"Easter isn't about colored eggs and bunnies for people in prison…"
-Chuck Colson, founder of Prison Fellowship
Genesis 37 begins a pretty detailed account of an inmate in an Egyptian prison. His family had sold him into slavery and his owner, a Roman captain of the guard, sentenced him to an Egyptian prison—the kind without light or running water—and probably worse, as this was 3500 years ago. Joseph, our inmate, was there for 13 years and since the resurrection did not occur for another 1500 years, Joseph didn’t get any annual Easter visitors.
But, this Sunday, Christians of every denomination will be in jails and prisons all over the world sharing the hope of the Easter story. They'll be handing out Bibles, and praying with men and women who are starving for a message about the freedom they can experience through Christ who paid the penalty for our sins. The word “Easter,” in fact, comes from an old Latin word for “new dawn.” It means “light-filled,” and holds within its meaning the potential of opportunity.
As Colson said, for incarcerated people, Easter isn't about colored eggs, or bunnies. For them, the price Jesus paid on the cross is a very tangible expression of the kind of love that most have never experienced. The new dawn of the Easter message opens the door to a peace that passes all understanding and asks every sinner, in or out of incarceration, to have faith in a God who loves them unconditionally.
For 13 years Joseph held on with an Easter kind of faith. There was no Bible in Roman times, so he didn’t get one of those either, but Genesis 39:21 says, "the Lord was with Joseph in the prison and showed him his faithfulness.” The story ends with Joseph freed and appointed to a high position in Egypt. In his wisdom, he not only saved the country from starvation, he forgave and saved the very brothers who sold him into slavery.

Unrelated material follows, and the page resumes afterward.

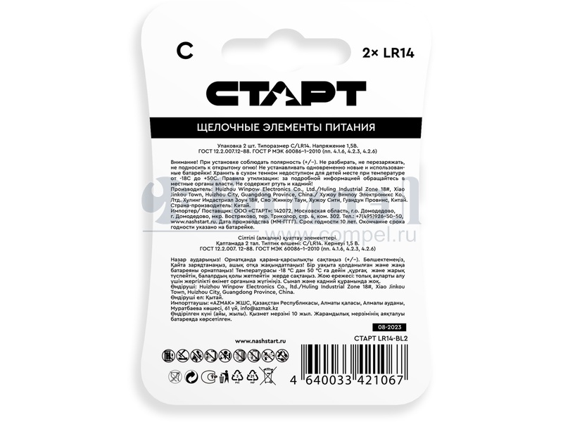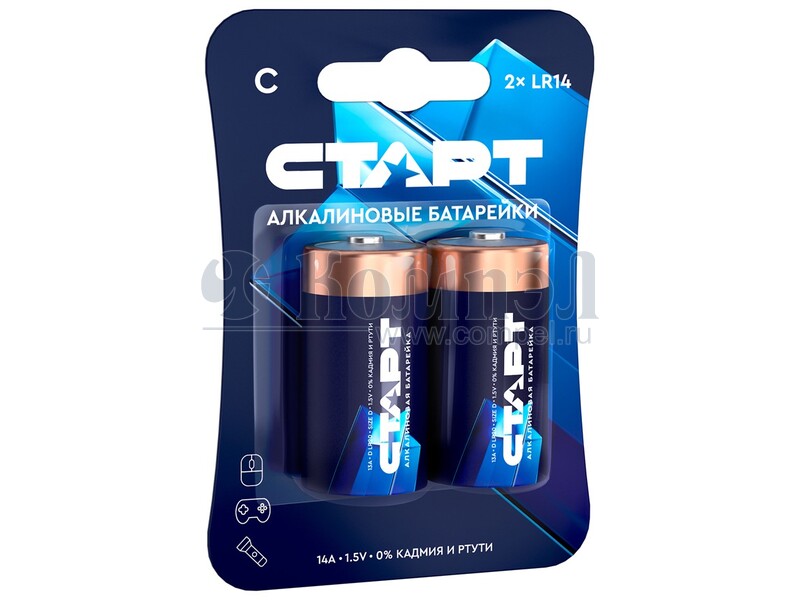 Набор из 2-х элементов питания типоразмера C («бочонок») от компании СТАРТ, отличающихся повышенной энергоёмкостью. Батарейки этой модификации способны работать без потерь своих характеристик и в жару, и в морозы. Температурный диапазон широк - от -18°C до +50°С. Это означает, что приборы, питающиеся от элементов СТАРТ LR14, будут полноценно функционировать на улице практически при любых погодных условиях.Алкалиновые батарейки от СТАРТа могут не только долго работать, но и храниться. Причём за 10 лет неиспользования они потеряют не более 10% от своего номинального заряда, что является большим преимуществом по сравнению с солевыми батарейками, которые полностью разряжаются за 2-3 года хранения.Характерная форма батареек («бочонок») несколько ограничивает сферу их применения, однако такие элементы идеальны для приборов с повышенным энергопотреблением.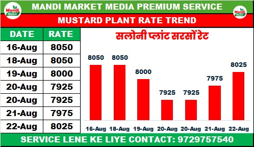 विदेशी बाजारों की तर्ज पर आज सरसों में दूसरे दिन भी तेजी जारी | सलोनी पर रेट गया 8000 के पार

This Sunday, over 3 millennia since Joseph kept the faith in a dark cell, carriers of the Good News will teach the life-changing truth to those in prisons and jails everywhere that God loved them so much he sacrificed His Son so they could experience the fullness of salvation and the gift of forgiveness. We at 2nd Chance Indiana pray that hearts will awaken to God’s redeeming love and that prisoners will find peace and new life in Jesus.